English · Español

Theory 06 — Bilingual policy in the portal¶

🇪🇸 La política bilingüe del repo (§0.6 de CLAUDE.md) tiene cuatro capas en el portal: contenido (teoría), interfaz (chrome), entrada del usuario (notas, diario), y assessment (quizzes y exámenes). Cada capa elige independientemente: contenido es bilingüe siempre, chrome es localizable, entrada es libre, assessment puede ser monolingüe o pareado. La regla central: el inglés es el canónico; el español es el complemento. Ninguna cadena del sistema obliga a leer en un idioma que no controlas.

The four layers¶

The portal's bilingual surface decomposes into four independent layers:

Theory content. What the curriculum teaches (docs/phase-NN-*/theory/*.md).
UI chrome. Labels, buttons, navigation, error messages.
User input. Notes, journal entries, exam responses.
Assessment content. Quiz prompts, exam questions, answer keys.

Each layer has its own policy. Mixing them — for example, treating quiz prompts and UI chrome under the same i18n pipeline — produces strange behavior; a button labeled "Next" in chrome English should not shift to Spanish "Siguiente" just because the quiz is in Spanish, and vice versa.

Layer 1: Theory content¶

Per CLAUDE.md §0.6 (codifying addendum §A2), theory pages are bilingual-by-source:

The entire document is written in English (canonical).
A > 🇪🇸 blockquote summary of 1–3 sentences appears at the top, in Spanish.
Inline Spanish glosses may appear next to dense conceptual terms, sparingly.
Section headers, code identifiers, file names, commit messages remain English-only.

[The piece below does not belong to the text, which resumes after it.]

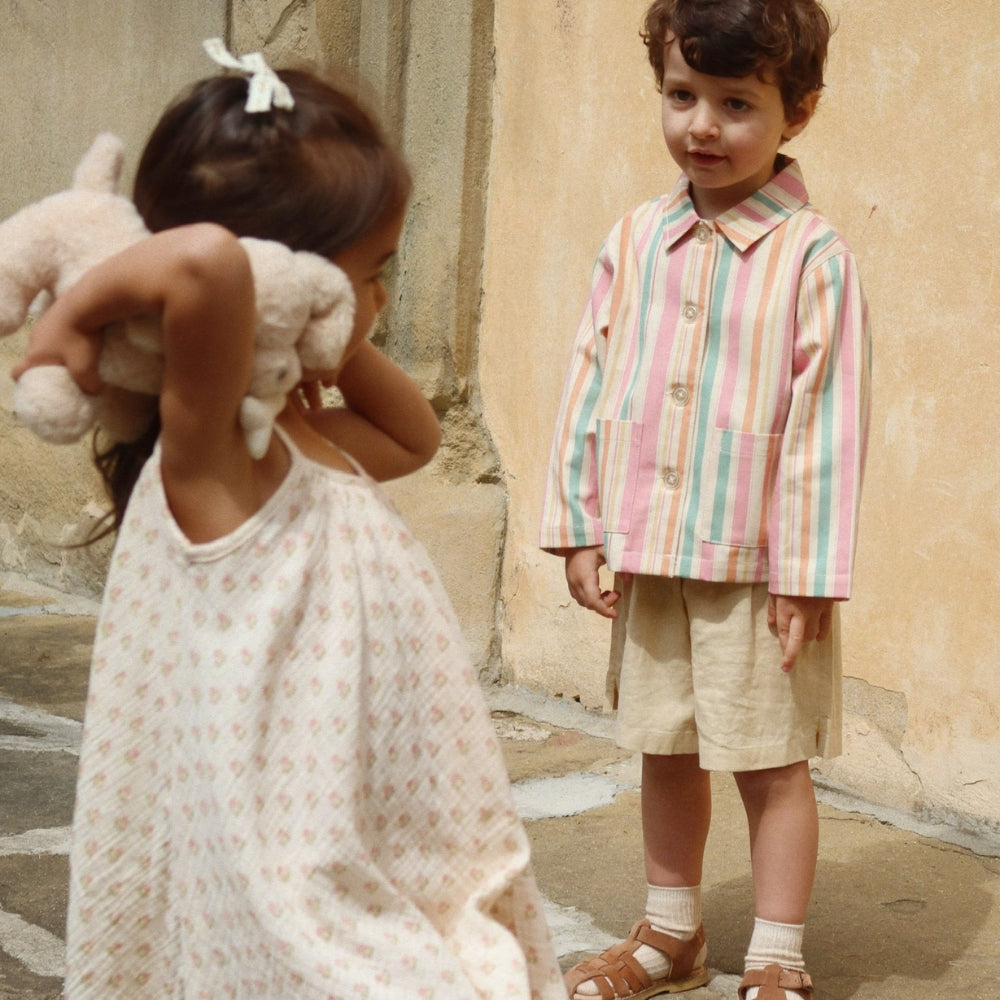 Le design minimaliste de la robe pour fille permet de l'assortir facilement à des accessoires d'été.

The portal renders these pages as-is — no translation pipeline. The 🇪🇸 block is part of the prose, not a UI artifact. The locale toggle (theory 04) does not affect this; switching locale from English to Spanish does not hide the 🇪🇸 block or surface a Spanish-only variant. There is no Spanish-only theory variant.

This is a deliberate choice. Maintaining two parallel translations of the curriculum is the anti-goal of §A2 — it doubles the curriculum's maintenance cost without doubling its pedagogical value. The Spanish summary at the top of each page hits the highest-value 80% (orient the Spanish-native reader to the dense bits) at 5% of the cost.

Why the canonical is English¶

Three reasons, in priority order:

Reusability. Other learners (per addendum §A3) may not be Spanish-speaking. A curriculum written canonically in Spanish would force every non-Spanish-speaking fork to translate first; canonical English keeps the barrier minimal.
Technical vocabulary. ML and engineering vocabulary is canonically English. "Backpropagation," "gradient descent," "attention head" — Spanish translations exist but adoption is uneven and the cognitive load of a translated technical term is non-trivial.
Code identifiers. Source code identifiers must be ASCII English by repo policy. Theory that uses identifier names (e.g., softmax_with_temperature(logits)) reads more naturally when the surrounding prose matches.

The Spanish summary contract¶

The summary block at the top of each theory page has a tight contract:

Length: 1 to 3 sentences. Not a paragraph. Not a single fragment.
Voice: active, declarative, no hedging.
Content: the page's central insight, in everyday Spanish (tú form OK, vosotros not appropriate for Latin American readers).
Format: a markdown blockquote prefixed > 🇪🇸.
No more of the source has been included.